10 Spiritual Principles for Climate Repentance

The Elijah Board of World Religious Leaders


The leaders of the world are presently gathered in Egypt, during this time of great international tension and conflict, for the Cop-27 meeting. We support them with our deepest prayers and meditations.  Theirs is the urgent work of addressing the practical challenges of climate change and for negotiating between nations, in an attempt to help humanity resolve the climate crisis. As religious leaders we offer our voice as a contribution to the gathered leaders and to humanity. Ours is a voice of hope and unity,  grounded in a spiritual vision. From this vision, offered as common ground between diverse religions, an positive attitude to life is derived that can inform practical decisions and negotiations. It can also give hope and meaning to individuals struggling under the burden of climate anxiety, who seek to find their place and identify their responsibility at this time of crisis. We must also confront honestly the destructive habits which continue to limit the possibilities and the hopes of human beings, in a call for wake up and self-examination. With the following ten principles we seek to initiate a process of climate repentance, broader understanding, and effective action. Many practical consequences can be derived from the vision set forth here, as well as from the individual principles we offer. Our call is a call to action; and a call to return to a correct vision of the creation, the creator, and the harmonious relationship of humanity with creation.

God and the world – the Nature of Being

  1. Creation is not our possession. The human person must recognize this and find his/her rightful place in relation to this fundamental fact. For some of us, this leads to a sense of gratitude for God’s gifts and for the gift of life itself, wherein humanity takes its rightful place as partner and co-creator, in advancing the life of all creation. For others,, creation itself is sacred.
    Therefore: We recognize human responsibility to love and protect nature.
  2. Creation is not simply external to God. It is, in significant ways, permeated by God’s presence and being, manifesting the divine agency and reality. Such understandings are found in all traditions, whether as the universal view or as one voice among others. Alternatively, nature is permeated by the spiritual, manifesting ultimate reality in every particle.
    Therefore: We must treat all of life with reverence.
  3. Within creation, and between humans and other parts of creation, as well as among religious communities, there is interdependence. All are part of a greater whole wherein each element both receives and gives influence, impact, love, and growth.
    Therefore: We must care for each other and the planet.

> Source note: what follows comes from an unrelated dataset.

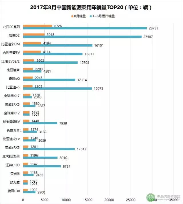 2017年8月中國新能源乘用車銷量排行中,北汽EC系列奪得了冠軍,8月銷售6726臺;知豆D2銷售了5018臺,排在第二位;排在第三的是比亞迪宋DM,8月銷售4194臺。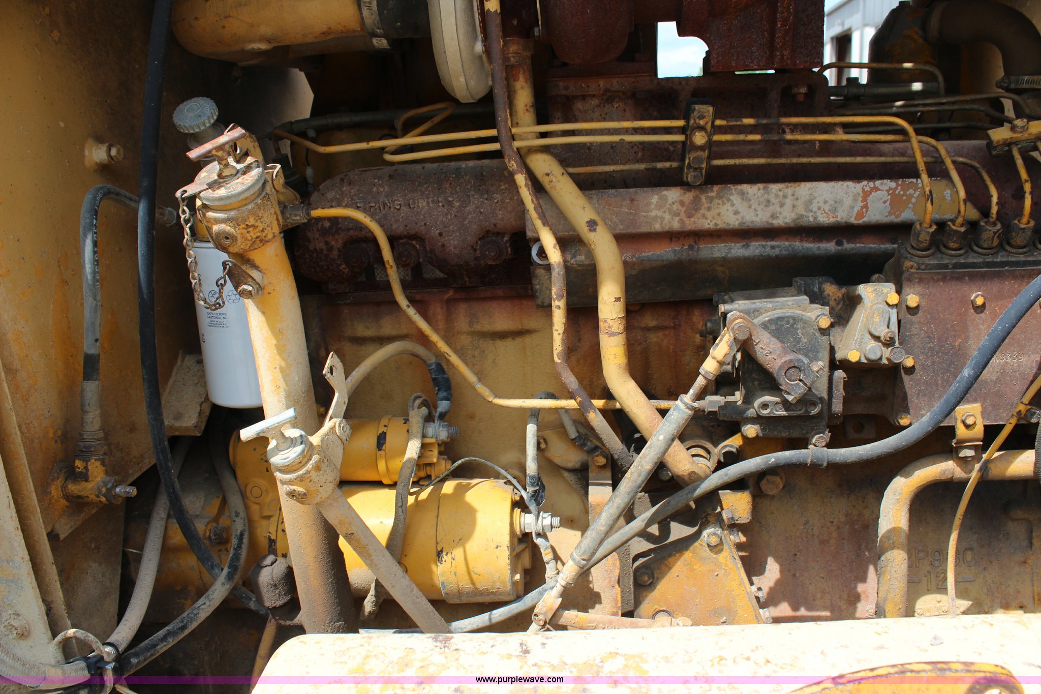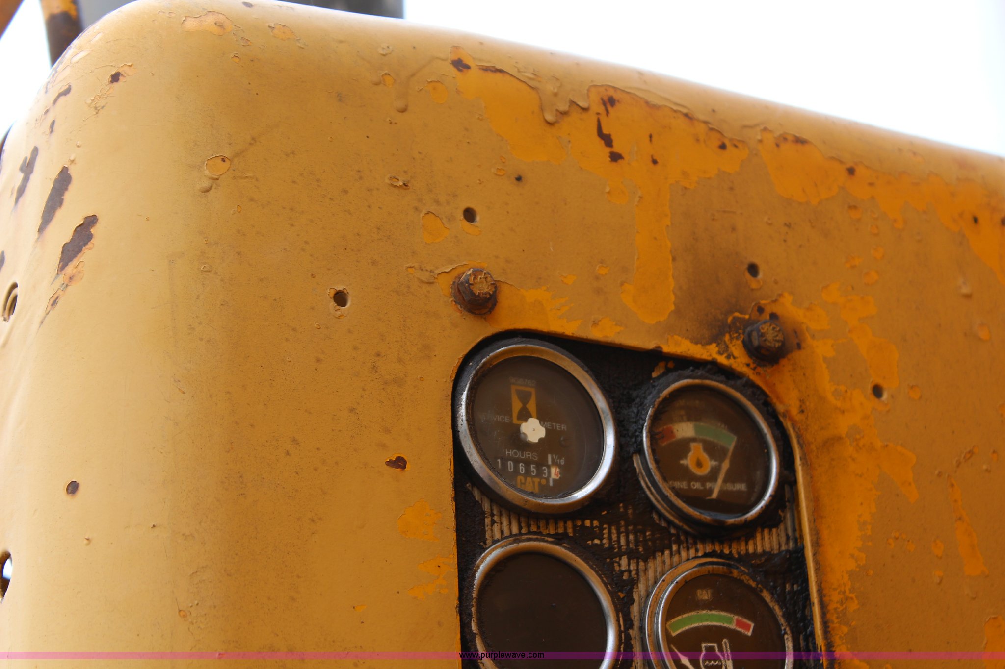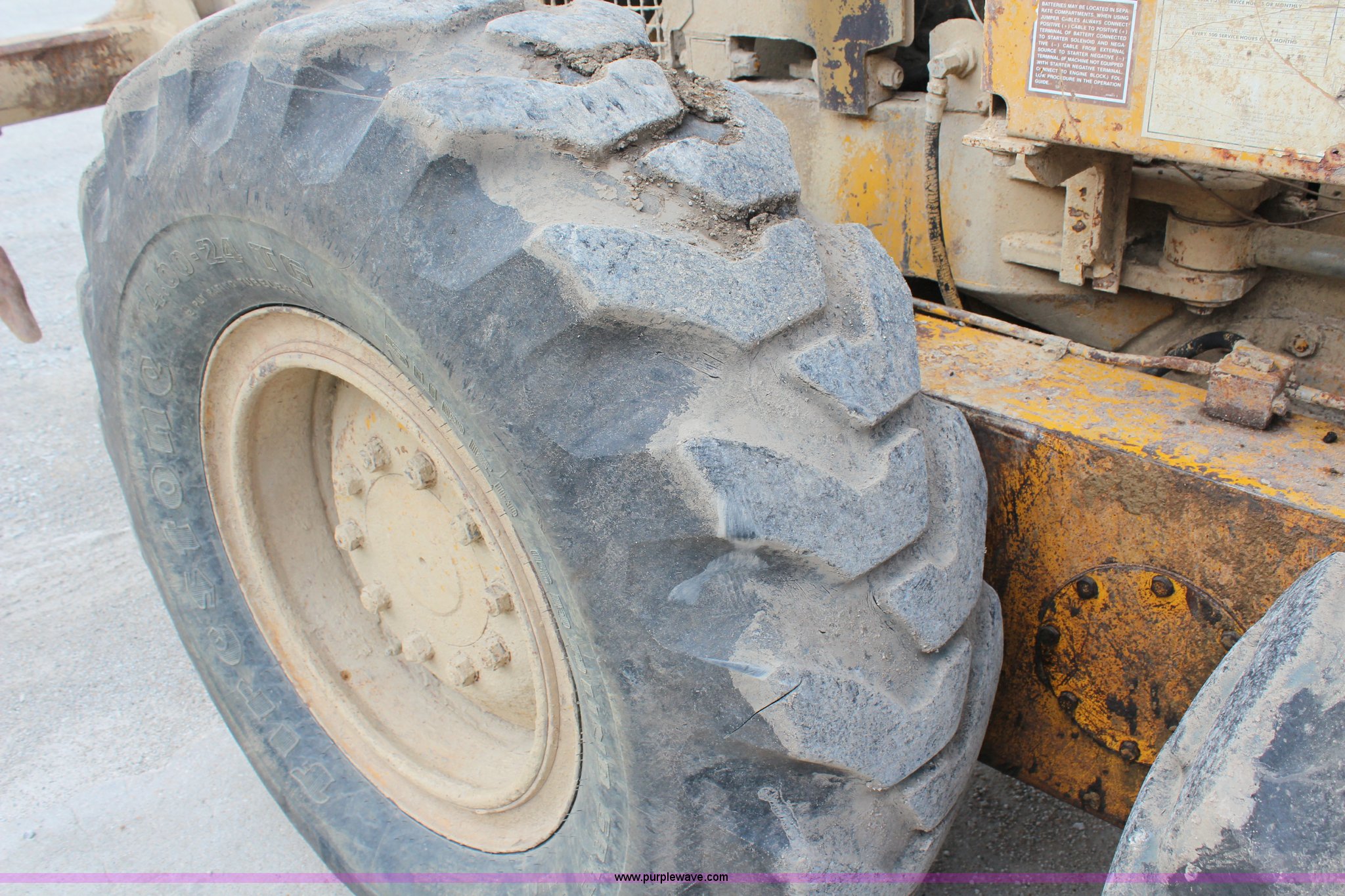 Purple Wave is selling a used Motor Grader in Kansas. This item is a 1976 Caterpillar 140G articulated motor grader with the following: 10,653 hours on meter, Caterpillar 3306 six cylinder turbo diesel engine, 150 HP, Serial 3N43478, Powershift transmission, 6F-6R gears, Locking differential, Four wheel drive, EROPS, Heat, Front work lights, 12' moldboard, Side shift, Rear ripper, Three ripper shanks, 14.00-24 tires, 29,175 lbs. base operating weight, Serial 72V1221

Humanity and Its Responsibilities

  1. The distinctive task of humanity is to nurture and serve this interdependent life-giving, and so to resist the temptation to exploitation, waste, and harm. Acting in the interest of human well-being cannot be something pursued in separation from working for the well-being of the whole created order. This finds two prominent expressions:
    a. Commitment to not harm creation, and the responsibility to protect it.
    b. Commitment to serve, advance, and aid in the growth and evolution of all parts of creation.
    Therefore: We recognize that we are responsible for the wellbeing of all life today, as well as for future generations.
  2. The human person has capacities that are conducive to the realization of this vision, as well as forces that are destructive. Ego, self-centeredness, greed, arrogance, and more are negative traits stemming from a limited sense of the human person. These have the potential to destroy humanity and creation. The soul, or the higher aspects of the human person, have the capacity to realize the fuller vision of humanity’s role in the broader scheme of the meaning of life and creation.
    Therefore: A disciplined spiritual life is helpful in overcoming the challenges of climate change.
  • There is an inherent relationship between the human person (within) and nature and objective reality (without). Thoughts, speech and action have the capacity to bring harm or to heal.
    Therefore: Use thought, speech and action only for the good.
  • Based on this understanding of the human person and his/her role in creation, the processes of growth, transformation, return and repentance are fundamental to human existence.
    Therefore: The human person is benefitted by the ongoing effort to purify, raise, and transform himself, in view of a higher vision.

Living in Spirituality and Responsibility

  1. There are reactions when we harm the earth and others. Actions have consequences and no action can be ignored. The weight of our actions and their short and long term consequences lead us to find ways of mitigating harmful actions and to work for the good.
    Therefore: Act knowing that every action counts.
  2. Empowered by mind, reason and spiritual understanding, we adopt a mindful and attentive view of the natural world.
    Therefore: take seriously the lessons and observations  that humanity has reached by application of its mind in scientific study and through common reason.
  3. The life of attentive, intelligent love is embodied in compassion: in openness to the pain and vulnerability of the world. Care for the other is expressed in love and compassion as fundamental spiritual principles. These are to be applied to other humans, human communities, and other parts of creation. Compassion means suffering with others – to feel the pain of the earth, of the poor, and of those who suffer the consequences of climate change. Opening our hearts to their pain will lead us to change.
    Therefore: Be sensitive to the intolerable insecurities and injustices in which so many of our fellow-humans live.